Input material START

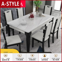 苏宁放心购大理石实木餐桌椅组合北欧简约长方形黑白色家用小户型电磁炉饭桌A-STYLE
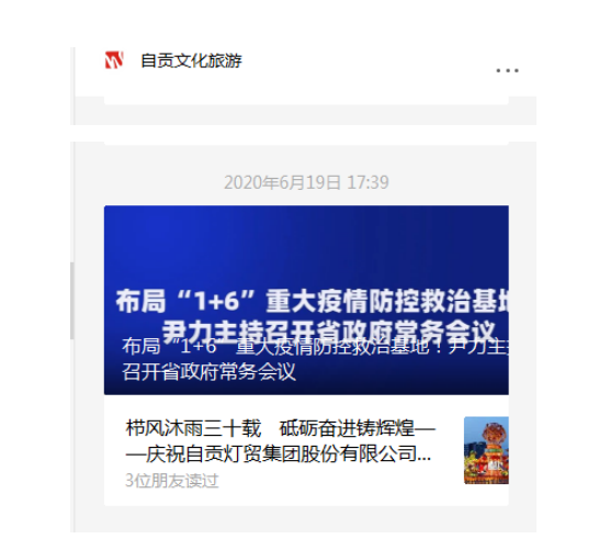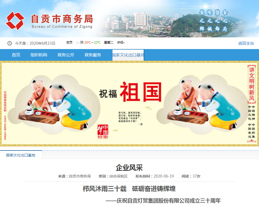 圖二:自貢市文化旅游局微信公眾號自貢文化旅游慶祝自貢燈貿(mào)集團股份有限公司成立三十周年
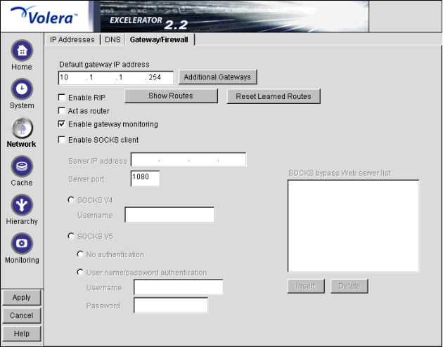 Enable SOCKS Client: SOCKS is a firewall communication protocol. If a firewall prevents the appliance from communicating directly, you can specify information for SOCKS4 or SOCKS5 servers.
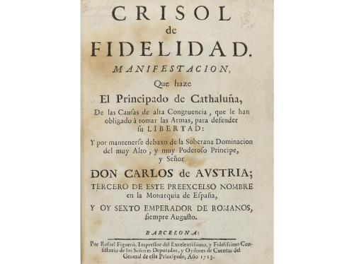 1713. LIBRO. (HISTORIA-CATALUNYA). CRISOL DE FIDELIDAD. MANIFESTACION, QUE HAZE EL PRINCIPADO DE CATHALUÑA, DE LAS CAUSAS DE ALTA CONGRUENCIA, QUE LE HAN OBLIGADO À TOMAR LAS ARMAS, PARA DEFENDER SU LIBERTAD: y por mantenerse debaxo de. Barcelona: Rafael Figuerò Impressor, 1713. 8º mayor. 60 p. Escudo xilográfico a modo de cabecera. Limpiado, leve sombra oleosa en las primeras hojas. Enc. en media piel, planos de cartoné papel al agua, por Domenech. Palau 64606. CCPB 1397521-8. En plena guerra de sucesión y a penas un año antes de la caída de Barcelona ante las tropas borbónicas, la Junta de Braços declaró la guerra a ultranza contra Felipe V y Luís XIV. Esta publicación pretende proclamar la adhesión del principado al candidato austracista y argumenta que no sólo lo hace por su libertad sino también por la de Aragón y Valencia, que ya estaban bajo el dominio de Felipe V.
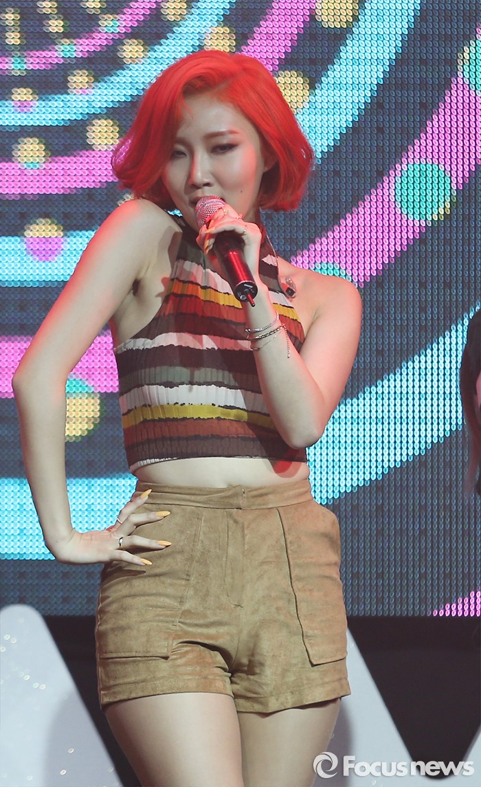 (서울=포커스뉴스) 25일 오후 서울 마포구 예스24 무브홀에서 열린 걸그룹 마마무의 정규 1집 'Melting' 쇼케이스에 참석한 멤버 화사가 신곡무대를 선보이고 있다.
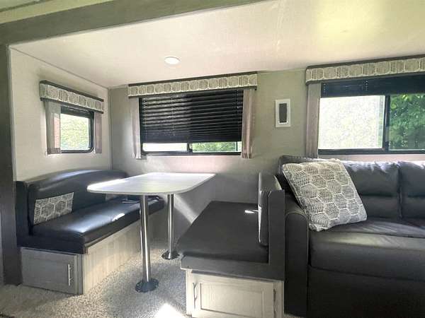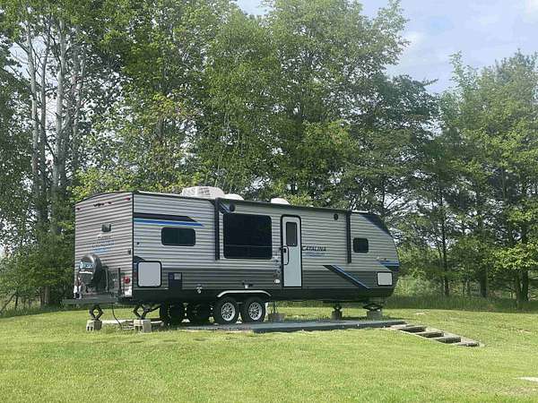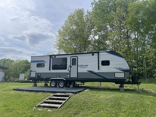 Great camping or building spot in Sugar Springs. Why search for a camping spot every holiday weekend when you can enjoy your own place? This site has all utilities, including sewer, well, and electricity, for convenient camping. Sugar Springs Championship 19-hole Golf Course is across the street with a view of the 5th tee. It is a perfect spot for golf enthusiasts. The back of the lot is treed and backs to private acreage. The 2022 Coachman Catalina Limited Addition Travel Trailer is set up and ready to enjoy! Sold separately for 31k. The travel trailer is like new, with a beautiful and functional kitchen, a modern full bath with an attractive shower, and a king-size bed in the bedroom. The couch and table break down into additional sleeping space, accommodating guests. Extras include an awning, outdoor shower, and outdoor fridge. Sugar Springs amenities include 2 All-Sports lakes with beaches, bathhouses, picnic areas, boat launches, and rental docks. Great boating, swimming, and fishing. Two beautiful golf courses, a heated indoor pool and fitness center, tennis courts, restaurant & pub, and more!
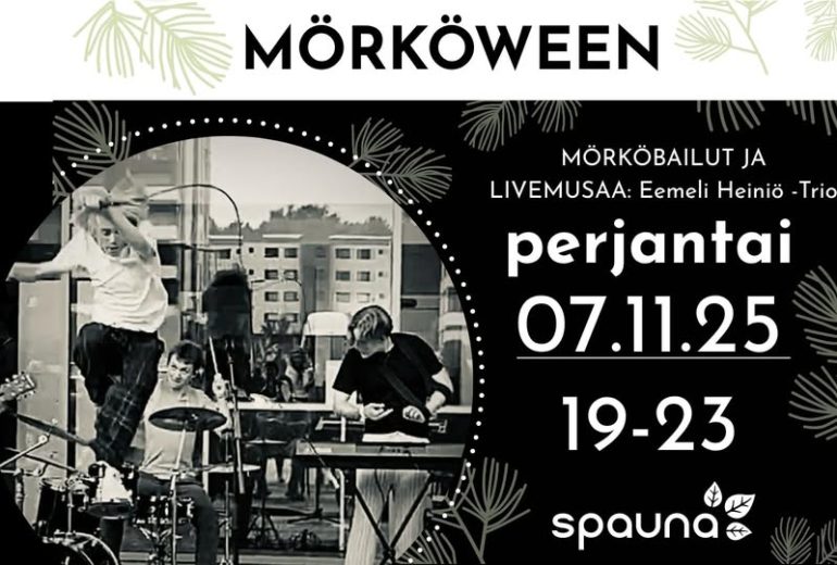 MÖRKÖWEEN pe 7.11.25 klo 19 – 23 Ohjelmassa mm.– livemusaa; valloittavat nuoret lahjakkuudet: Eemeli Heiniö -Trio!!– Mörköween -tietovisa– pukeudu teemaan – mitä nolompi, sitä parempi – Spaunan mustaa Mörkö-pizzaa!!!!– karmeaa karaokea (jos juhlakansa sitä haluaa) TERVETULOA!!! Vapaa pääsy Spauna, Vuosnaistentie 617, Kustavi …
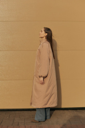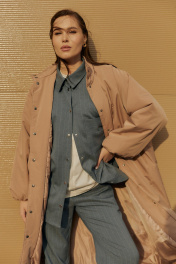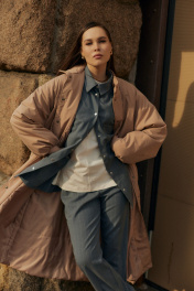 Утепленный плащ выполнен из плотной курточной ткани. Подчеркнуть талию можно с помощью пояса, а если хочется расслабленный образ - достаточно не применять его. По низу рукава- резинки с фиксаторами, позволяющие регулировать объем Длина изделия по спинке - 113см. Объем груди - до 96см, ОБ- до 100см. Длина рукава вместе с плечом -74см. Рассчитан на температурный режим от 0 до +10. Бережная стирка при 40 градусах
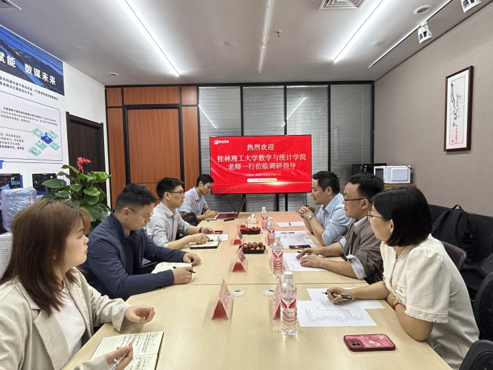 为深化产教融合,推动统计学专业人才培养与行业需求精准对接,3月28日,桂林理工大学beat365手机版官网入口院长蒋远营教授率队前往广西数道云数据科技集团有限公司(以下简称“数道集团”)开展专题调研并看望了在该公司工作的校友,学院副院长王彬、应用统计专业教研室主任丁少玲及院长助理徐锋共同参与。
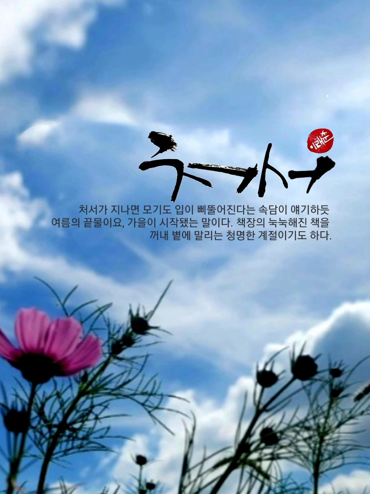 모기 입이 정말 삐뚤어졌는지 확인하지는 못했습니다. 날씨가 끄물끄물한 오늘이라서 조석으로 부는 바람이 선선해졌는지도 확인할 수가 없었습니다. 그렇지만 단지 처서라는 절기의 이름만으로도 충분히 그랬으리라 하는 기대감이 들더군요. 그동안 겪어본 바로도 확연히 달라지는 계절이 있음을 짐작할 수 있지요. 비지땀을 흘리면서 언제 가을이 올까 학수고대했습니다. 하도 맹렬한 더위라서 가을이 오기는 하는 걸까 반신반의하기도 했지요. 주마등처럼 스쳐가는 기억입니다. 오기는 하였네요. 오락가락 비마저 내리는 날이라서 벌써 가을이구나! 설레발을 떨 지경입니다.
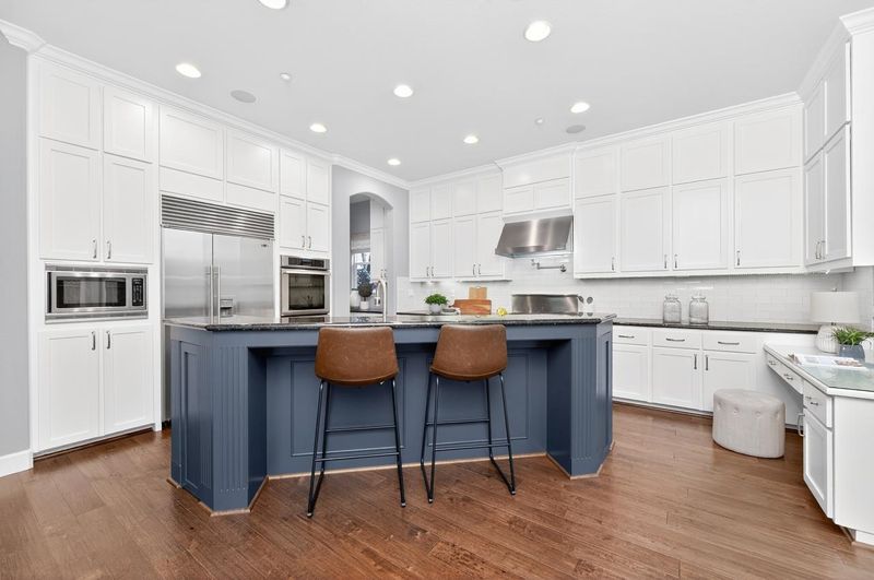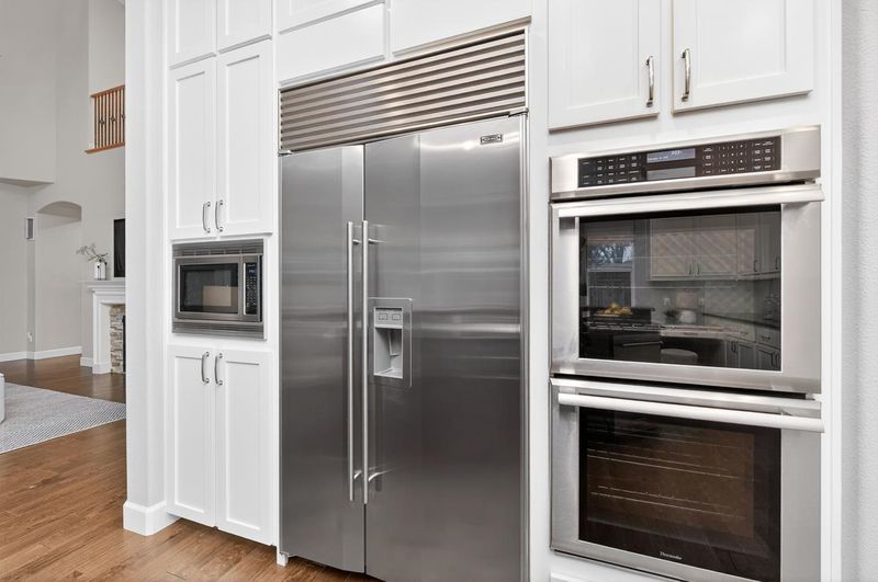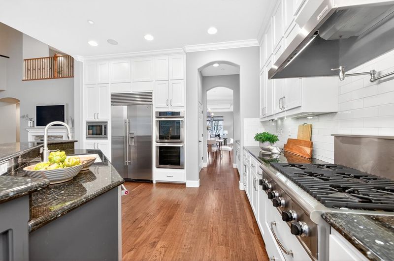 - Dishwasher, Double Oven, Gas Range, Microwave, Oven, Refrigerator, 220 Volt Outlet, Stone Counters, Eat-in Kitchen, Disposal, Gas Range/Cooktop, Kitchen Island, Oven Built-in, Pantry
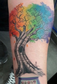 欧美拼图纹身 男生手臂上创意的拼图树纹身图片
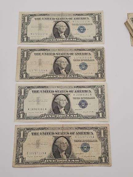 LOT 116 - 4 Blue Seal $1 Silver Certificates 1957 A,
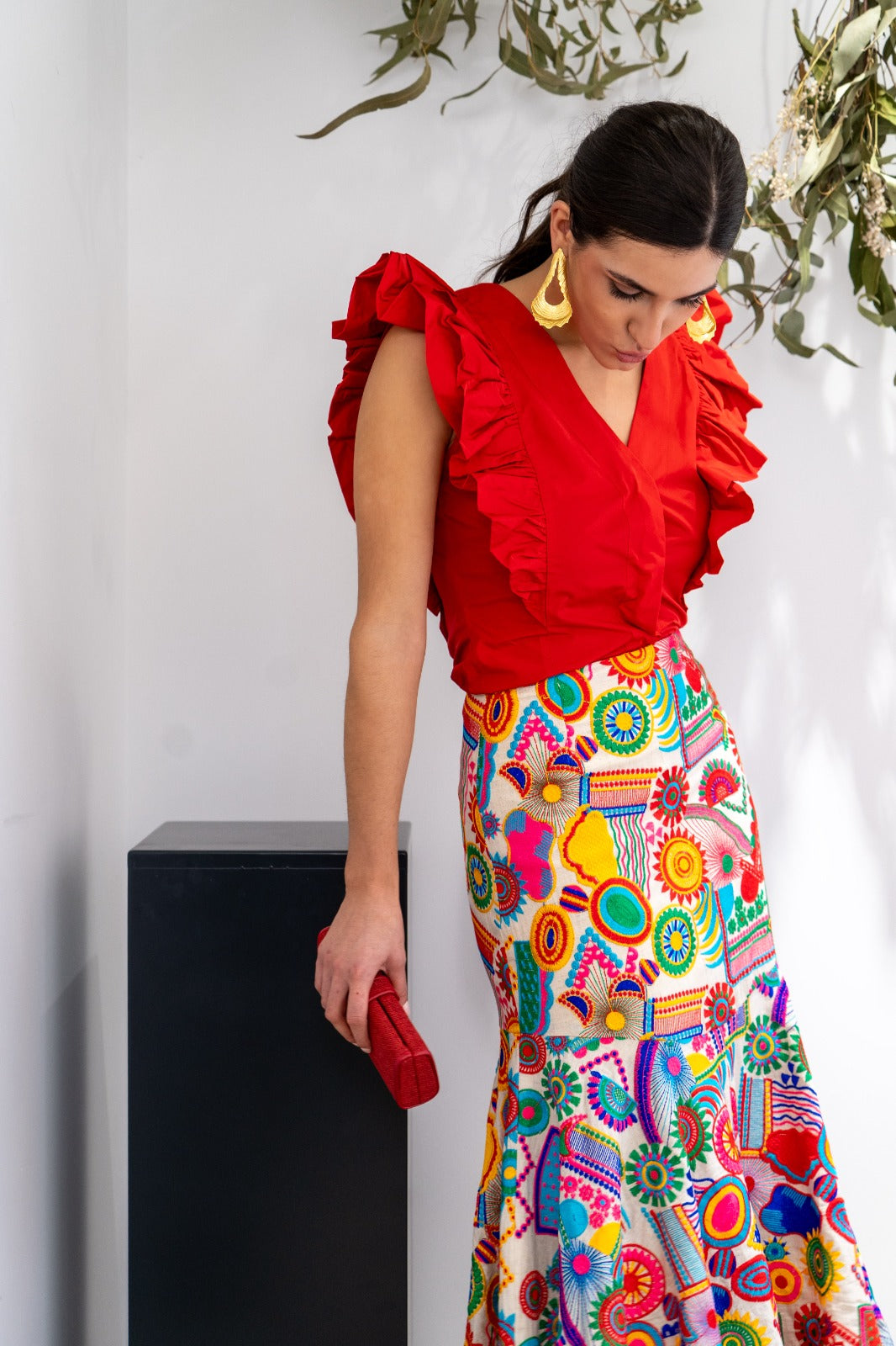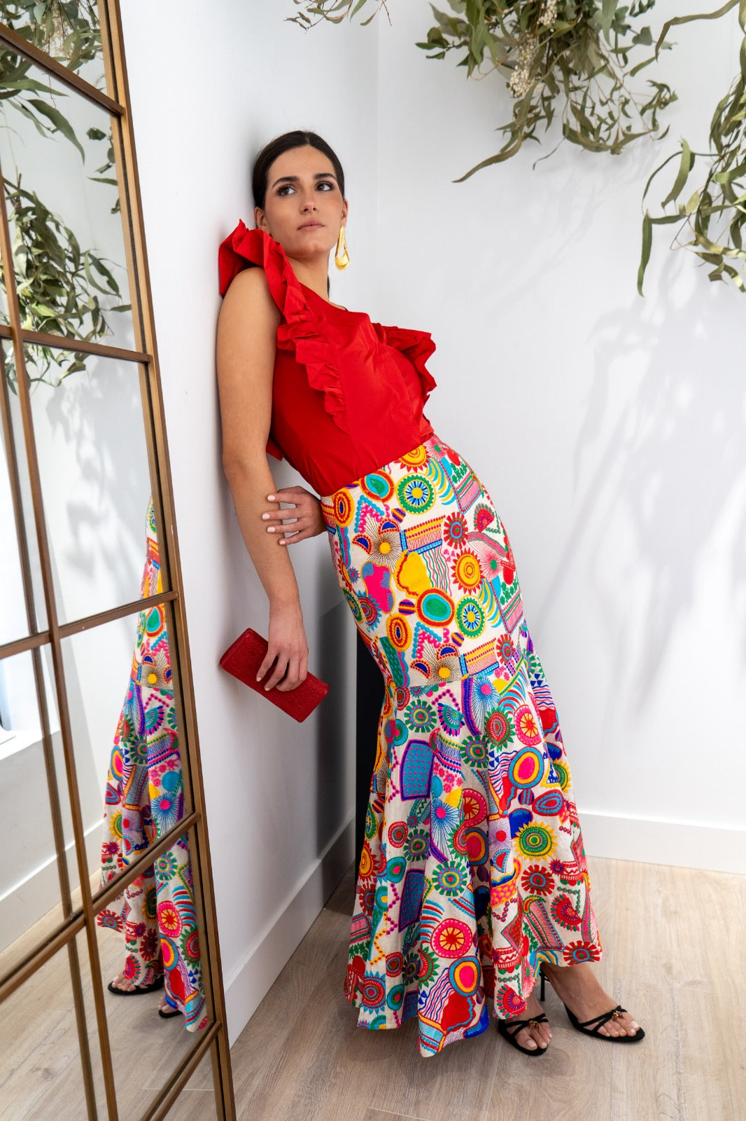 Conjunto compuesto por blusa sin mangas, escote a pico y falda bordada corte evasé con cintura alta y caída fluida. En color rojo y multicolor.
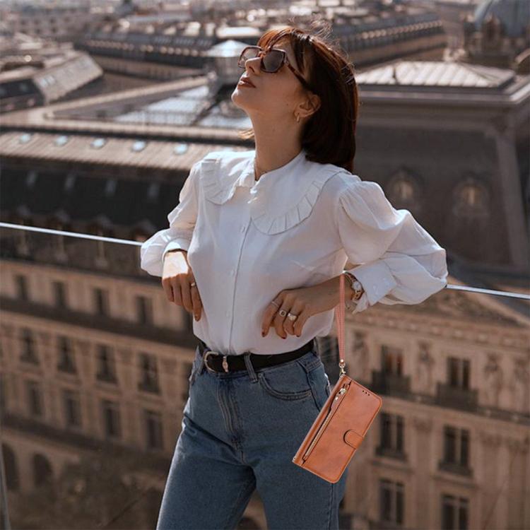 Funda de cuero con cremallera y ranuras para múltiples tarjetas para TCL 605 / TCL 60 SE (marrón)

Input material END

Task instructions
Pictures excluded, repeat the records exactly from their opening line through the line containing "Enable SOCKS Client: SOCKS".

Result of this exercise
 苏宁放心购大理石实木餐桌椅组合北欧简约长方形黑白色家用小户型电磁炉饭桌A-STYLE
 圖二:自貢市文化旅游局微信公眾號自貢文化旅游慶祝自貢燈貿(mào)集團股份有限公司成立三十周年
 Enable SOCKS Client: SOCKS is a firewall communication protocol. If a firewall prevents the appliance from communicating directly, you can specify information for SOCKS4 or SOCKS5 servers.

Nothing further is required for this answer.